- **Task goal**
In the data below, locate the line containing "Sterling Silver Amethyst" and the line containing "the medicine list.", then retype both and everything between them exactly. Pictures are not part of the copy.

- **Source records**
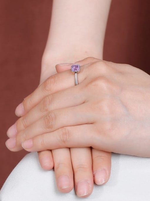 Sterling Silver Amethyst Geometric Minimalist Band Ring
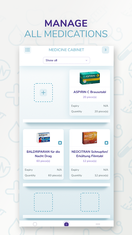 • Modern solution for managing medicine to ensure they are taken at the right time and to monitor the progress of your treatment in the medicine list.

...

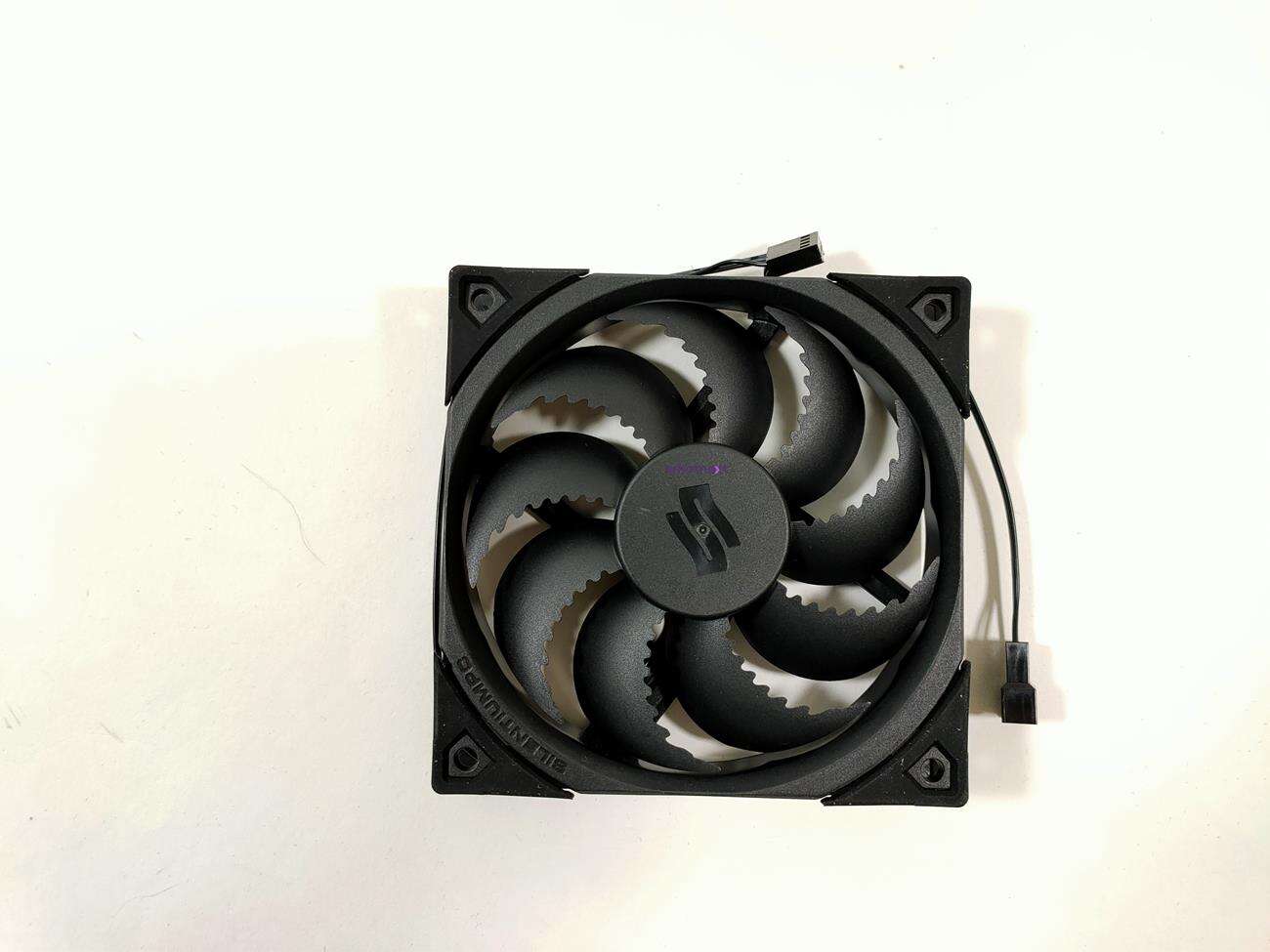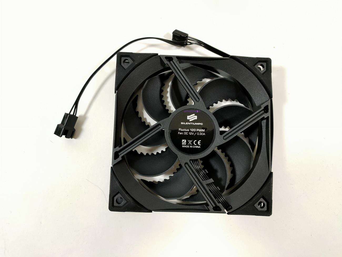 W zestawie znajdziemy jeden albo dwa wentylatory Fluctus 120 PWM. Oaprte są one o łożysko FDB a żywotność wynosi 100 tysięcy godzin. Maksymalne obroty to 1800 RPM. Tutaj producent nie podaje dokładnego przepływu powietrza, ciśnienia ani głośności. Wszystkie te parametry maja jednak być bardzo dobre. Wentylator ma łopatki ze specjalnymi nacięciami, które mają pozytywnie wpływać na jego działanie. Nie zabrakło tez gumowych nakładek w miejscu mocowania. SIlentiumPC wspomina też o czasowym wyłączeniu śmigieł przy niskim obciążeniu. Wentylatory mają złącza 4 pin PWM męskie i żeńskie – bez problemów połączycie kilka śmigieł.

- **Exercise answer**
 Sterling Silver Amethyst Geometric Minimalist Band Ring
 • Modern solution for managing medicine to ensure they are taken at the right time and to monitor the progress of your treatment in the medicine list.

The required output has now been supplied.